THE PROBLEM |
Set down the first line below and each line after it, ending with the one that holds "La serie de". Pictures do not belong in the copy.

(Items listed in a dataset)
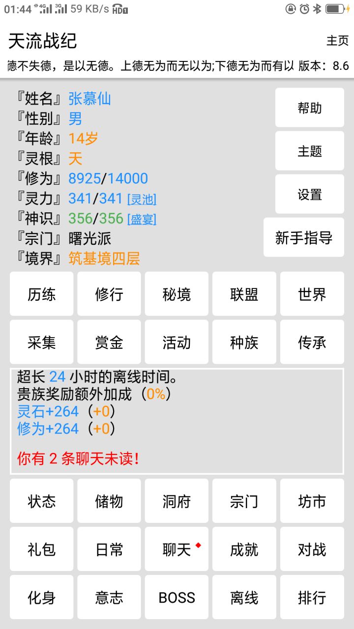 游戏我觉得很有意思,文字类的修仙,每天都能玩一会,慢慢提升战力,希望作者继续开发,继续更新优化,加油!
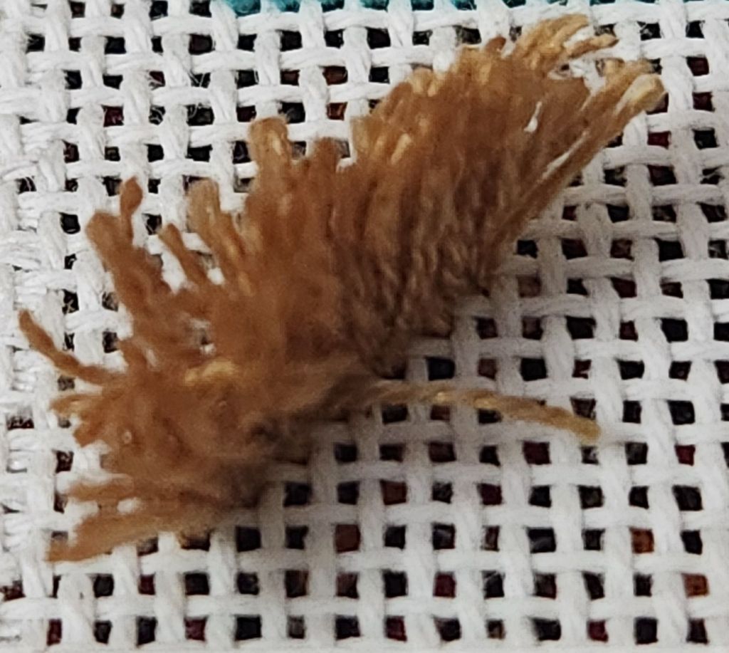 You can’t be loopy and try this stitch! It feels more secure than Turkey work. Except for that one strand, it stands up nicely.
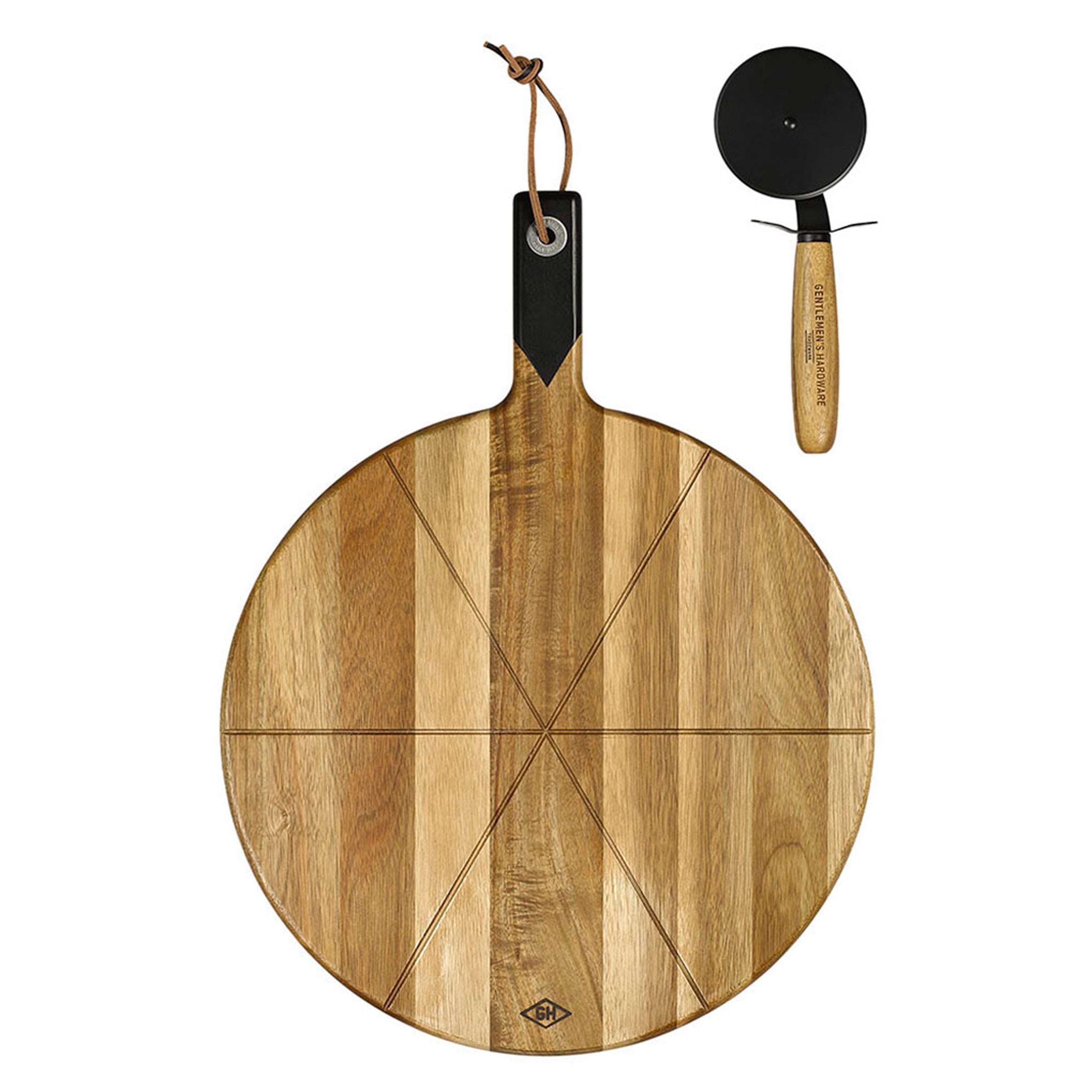Gentlemans Hardware Pizza Cutter and Wooden Serving Board
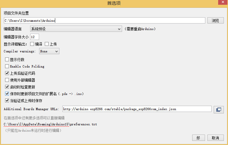首选项设置,在开发板管理器中(Addtional Boards Manager URLs)填入ESP8266的配置地址,红线中的是Arduino15存放的地点
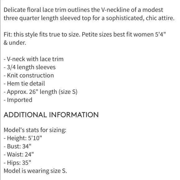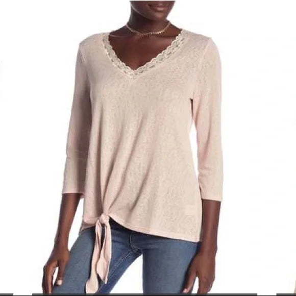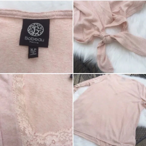 NWOT Brand New Bobeau lace trim long sleeve cream top. With a knot tie. Size petite XL.
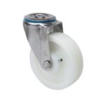La serie de ruedas Alex ZVI INOX-FT son de nylon extrafuerte, con todos sus componentes de acero inoxidable (AISI-304), indicadas para soportar cargas hasta 600 Kg. Se utilizan en exteriores, carros de transporte de alimentación, cantinas, comedores, restaurantes, empresas de alimentación, máquinas de embalajes, cintas transportadoras, construcciones inoxidables, maquinaria ligera para la construcción, contenedores, jaulas de transporte, granjas avícolas, químicas, cadenas alimentación, frigoríficos, arcones y congeladores. FT: Ruedas especialmente indicadas para aplicaciones en industrias alimentarias y químicas. No manchan el suelo. Extrafuertes y alta resistencia a golpes y choques.
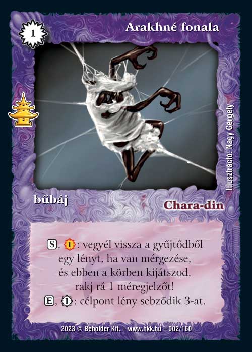 Ezt már csak mérgező pakliban tudom elképzelni (máshova azért kicsit drága), oda viszont mind ölésnek, mind késleltetett tömegirtásnak jó, ráadásul az új követővel a saját lapjainkhoz még muníciót is ad. Vegyük észre, hogy Arakhné mellett MINDEN lényünkre gond nélkül tehetjük a jelzőket, így bármilyen egyéb, jelzőkkel machináló kombó alapját is jelentheti ez a lap.

TASK OUTPUT |
 游戏我觉得很有意思,文字类的修仙,每天都能玩一会,慢慢提升战力,希望作者继续开发,继续更新优化,加油!
 You can’t be loopy and try this stitch! It feels more secure than Turkey work. Except for that one strand, it stands up nicely.
Gentlemans Hardware Pizza Cutter and Wooden Serving Board
首选项设置,在开发板管理器中(Addtional Boards Manager URLs)填入ESP8266的配置地址,红线中的是Arduino15存放的地点
 NWOT Brand New Bobeau lace trim long sleeve cream top. With a knot tie. Size petite XL.
La serie de ruedas Alex ZVI INOX-FT son de nylon extrafuerte, con todos sus componentes de acero inoxidable (AISI-304), indicadas para soportar cargas hasta 600 Kg. Se utilizan en exteriores, carros de transporte de alimentación, cantinas, comedores, restaurantes, empresas de alimentación, máquinas de embalajes, cintas transportadoras, construcciones inoxidables, maquinaria ligera para la construcción, contenedores, jaulas de transporte, granjas avícolas, químicas, cadenas alimentación, frigoríficos, arcones y congeladores. FT: Ruedas especialmente indicadas para aplicaciones en industrias alimentarias y químicas. No manchan el suelo. Extrafuertes y alta resistencia a golpes y choques.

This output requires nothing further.